One day I had a talk with the Lord.  I said, "Lord, it seems to me your Word says I'm to obey you.  I've never heard a sermon on that and my friends disagree.  But you've educated me well and I believe your Word says I'm to obey your commands.  If obedience is what you want, obedience is what you've got.  Lord, I'll try my best to obey you the rest of my life."

My life changed!  I began to experience love as I'd never guessed it existed.  Though my practice was overloaded with work, I had a sense of peace that I'd never experienced before.  As a baby believer, I didn't know that I was experiencing the fruit of the Holy Spirit.  And our marriage changed, all for the better.

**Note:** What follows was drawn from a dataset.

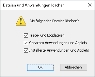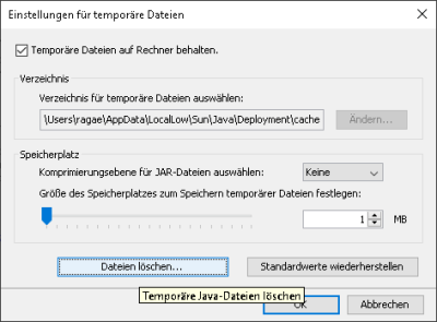 Kommt es während dem Verbindungsaufbau zu einem Fehler, ist es erforderlich die temporären Java Dateien zu löschen.

Four years after my life really changed, believing the Lord led me to do so, I terminated my law practice to serve the Lord fulltime, though I had no idea what lay ahead.  I tried studying the Bible at home, but my law clients found me.  The next year I continued helping them but then without benefit of secretaries and office staff.

In order to divorce myself from the practice, Dar and I bought a motorhome, sold our house, and drove away.  For three-and-a-half years we lived in the motorhome.  The first year I only studied the Bible.  The second year I studied and began to write.  Dar caught up on her reading.

In the ensuing years I've not forgotten that when I became a "Christian" the way others told me to, my life had only surface, cosmetic changes.  But when I pledged to obey Jesus as my Lord, there seemed to be a new me a person who experienced love, joy, and peace in great measure.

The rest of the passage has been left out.